State v. Jones

16 Kan. 608
CourtSupreme Court of Kansas
DecidedJuly 15, 1876
StatusPublished
Cited by19 cases

This text of 16 Kan. 608 (State v. Jones) is published on Counsel Stack Legal Research, covering Supreme Court of Kansas primary law. Counsel Stack provides free access to over 12 million legal documents including statutes, case law, regulations, and constitutions.

Bluebook
State v. Jones, 16 Kan. 608 (kan 1876).

Opinion

The opinion of the court was delivered by

Valentine, J.:

This was a criminal prosecution under §233 of the crimes-and-punishment act, (Gen. Stat. 369,) charging the defendant with defiling a female under eighteen years of age by carnally knowing her while she was confided to his care and protection. As we understand, the defendant [610]*610waives all objections to the proceedings of the court below, which if sustained would merely require a new trial, and asks that we shall decide the case upon such questions only as go to the very foundation of the present prosecution. This we shall do.

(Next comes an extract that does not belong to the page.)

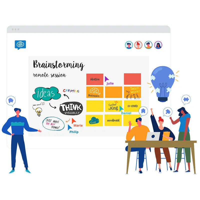 Team meetings use smart whiteboards to display mind maps in one space for interactive brainstorming and capturing ideas, design creativity and innovation, etc.

I. The defendant objects to the jurisdiction of the court below, and this he does upon the ground that on the first and original preliminary examination in the case he was discharged. It seems that the defendant had two preliminary examinations. On the first, he was discharged — on the second, he was held to answer in the district court. The question now is, whether the first preliminary examination was a bar to all further and subsequent proceedings for the same offense. We think it was not. One preliminary examination for a criminal offense is no bar to another preliminary examination for the same offense; nor is it any bar to a full prosecution for such offense, although, as in this case, the defendant may have been discharged on the first preliminary examination. A mere preliminary examination does not put the accused in jeopardy within the meaning of the constitution. (Const., Bill of Rights, § 10.)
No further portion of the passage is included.